In Aiosa v Mercy Med. Ctr., 2006 NY Slip Op 06140, the Second Department recently reinstated a medical malpractice claim against a nurse midwife and the ob/gyn group that employed her. The claim was based upon injuries alleged to have occurred when the birthing bed upon which the plaintiff was laying collapsed three times immediately after she'd given birth. Talk about bad timing.

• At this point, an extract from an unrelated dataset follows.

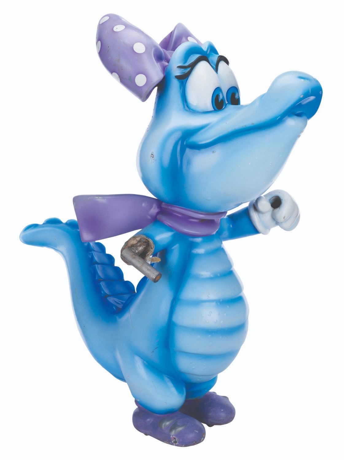 (Walt Disney World, 1995) A fiberglass baby gator wearing a bow from the Tike’s Peak wading pool at Disney’s Blizzard Beach. Measuring 39" x 39.5", the baby gator is in fair condition with cracks, including a horizontal crack across the entire back, stains, paint chips, a missing right hand with metal exposure, and wear from use.
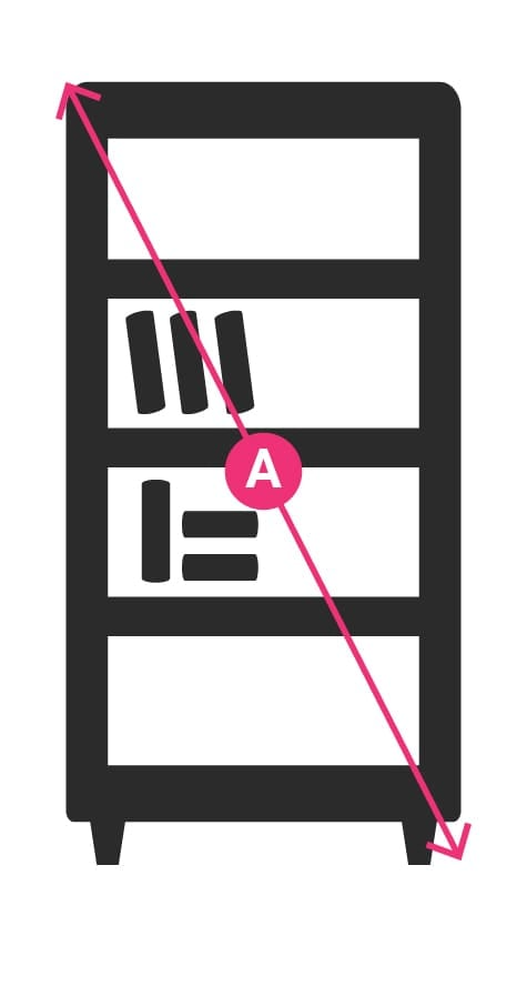 Bookcases: Diagonal height (A) and depth (B) should not exceed your entryway clearance.

The trial court held that the defendants owed no duty of care to the plaintiff to safely operate the bed. Not surprisingly, the Second Department reversed that decision:
Contrary to the Supreme Court's determination, Fitzsimmons and OGS owed a duty to the plaintiff to avoid operating the birthing bed in an improper and unsafe manner that would cause the various segments of the bed to fold or collapse suddenly while a patient was on it. The transcript of the plaintiff's deposition testimony...reflects her unambiguous testimony that the foot of the bed collapsed immediately after each of the two attempts made by Fitzsimmons to adjust and secure the foot segment of the bed. As a result, (defendants) failed in their moving papers to establish that they neither exercised control over the bed, nor caused the bed to collapse by their improper and unsafe operation.
I think that conclusion is fairly self evident. Am I the only one surprised by the trial court's decision? Of course there was a duty owed to the plaintiff in this situation. And, absent allegations of a defect in the bed (and there was no indication of that type of claim in the decision), I think that at this stage of the proceedings, it's too early to conclude that the midwife was not at least partially liable for the plaintiff's alleged injuries. If nothing else, there's a feasible res ipsa claim here, although I think that simple negligence could arguably apply as well. Beds that are not defective don't just collapse, unless they're not being properly maintained or operated.